§ **Assigned task**
I'd like an exact copy of only the lines from the start of the listing below through the line that holds "Imagen 14: adaptación". Please keep the pictures out.

§ **Given material**
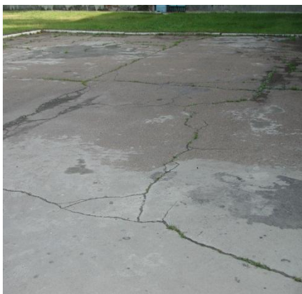
Асфальтовое покрытие хозкорпуса профилактория
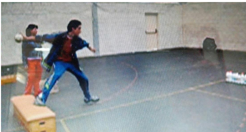
Imagen 14: adaptación al bolo de Tineo en una clase de Educación Física.

Así se encuentra la situación actual del bolo celta en la enseñanza secundaria y bachillerato en los diferentes centros del concejo. Para la puesta en práctica del juego, la villa de Tineo dispone de una bolera infantil (Anexo IV). Además de esta bolera, los docentes también pueden realizar adaptaciones al juego de bolos en las respectivas clases, como se puede ver en esta imagen.
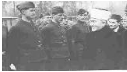
Revue de troupe des Waffen SS musulmans par le Mufti, à Berlin...

§ **Answer section**
Асфальтовое покрытие хозкорпуса профилактория
Imagen 14: adaptación al bolo de Tineo en una clase de Educación Física.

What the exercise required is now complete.